Of the entries below, restate word for word only the section that runs from the line with "Top Rentals manages" to the line with "У перші тижні", counting both ends.

• _DATA SHOWN_:
::::::::::
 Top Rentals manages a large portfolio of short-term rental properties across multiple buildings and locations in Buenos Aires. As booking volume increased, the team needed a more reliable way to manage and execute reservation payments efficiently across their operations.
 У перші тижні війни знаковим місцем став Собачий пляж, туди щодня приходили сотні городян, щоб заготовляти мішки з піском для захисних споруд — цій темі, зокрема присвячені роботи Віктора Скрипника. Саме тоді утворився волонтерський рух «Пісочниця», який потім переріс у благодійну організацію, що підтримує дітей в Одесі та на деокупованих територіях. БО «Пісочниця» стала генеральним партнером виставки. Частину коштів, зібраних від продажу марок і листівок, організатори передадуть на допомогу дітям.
::::::::::
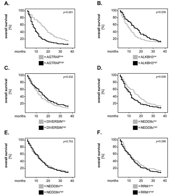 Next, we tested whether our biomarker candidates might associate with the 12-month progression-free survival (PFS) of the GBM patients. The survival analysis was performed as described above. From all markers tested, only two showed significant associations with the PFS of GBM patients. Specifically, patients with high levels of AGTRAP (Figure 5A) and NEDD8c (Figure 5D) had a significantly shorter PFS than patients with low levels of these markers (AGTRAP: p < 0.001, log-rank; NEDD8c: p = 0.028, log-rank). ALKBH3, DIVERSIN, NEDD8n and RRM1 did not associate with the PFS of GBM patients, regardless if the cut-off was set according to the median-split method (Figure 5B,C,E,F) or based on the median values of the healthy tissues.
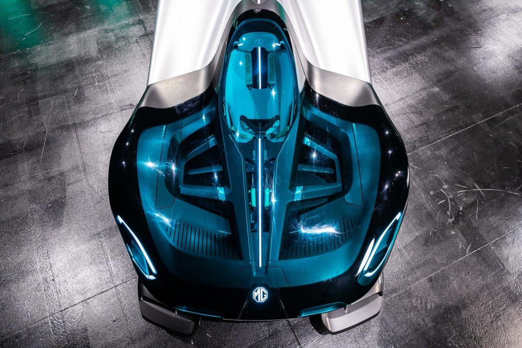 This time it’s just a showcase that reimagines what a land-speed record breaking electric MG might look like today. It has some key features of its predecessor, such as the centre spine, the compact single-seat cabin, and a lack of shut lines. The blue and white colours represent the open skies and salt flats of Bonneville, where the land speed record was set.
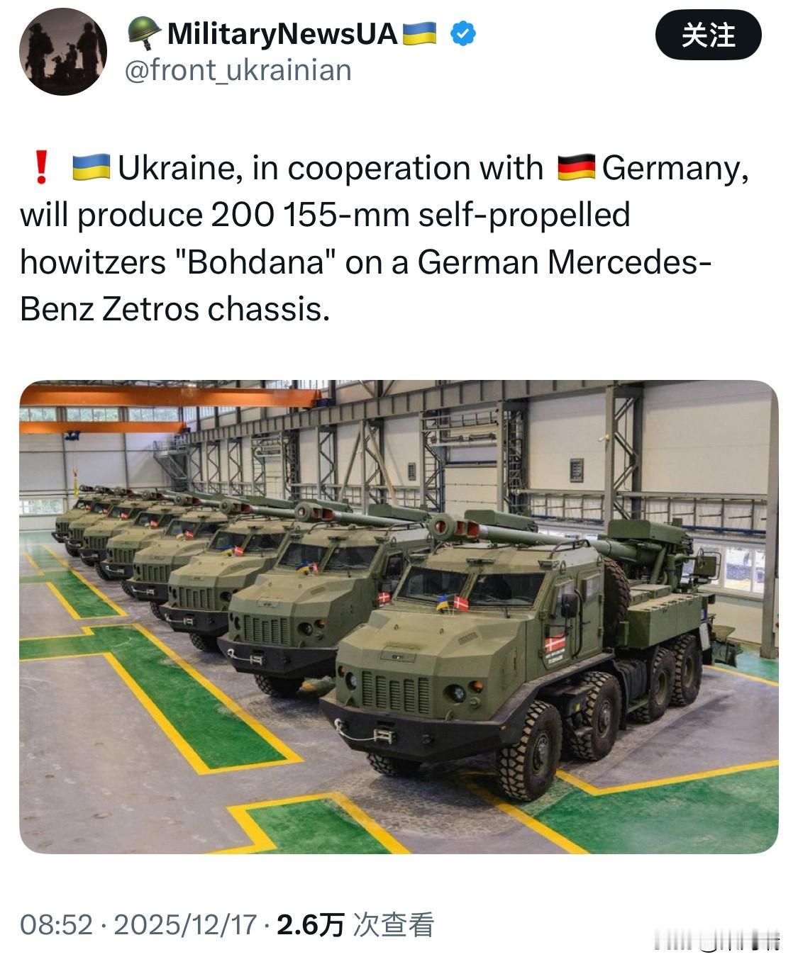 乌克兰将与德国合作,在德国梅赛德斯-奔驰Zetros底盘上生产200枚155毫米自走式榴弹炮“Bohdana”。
::::::::::
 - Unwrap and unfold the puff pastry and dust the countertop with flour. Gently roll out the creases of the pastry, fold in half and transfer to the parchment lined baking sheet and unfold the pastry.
::::::::::
• _ANSWER BOX_:
 Top Rentals manages a large portfolio of short-term rental properties across multiple buildings and locations in Buenos Aires. As booking volume increased, the team needed a more reliable way to manage and execute reservation payments efficiently across their operations.
 У перші тижні війни знаковим місцем став Собачий пляж, туди щодня приходили сотні городян, щоб заготовляти мішки з піском для захисних споруд — цій темі, зокрема присвячені роботи Віктора Скрипника. Саме тоді утворився волонтерський рух «Пісочниця», який потім переріс у благодійну організацію, що підтримує дітей в Одесі та на деокупованих територіях. БО «Пісочниця» стала генеральним партнером виставки. Частину коштів, зібраних від продажу марок і листівок, організатори передадуть на допомогу дітям.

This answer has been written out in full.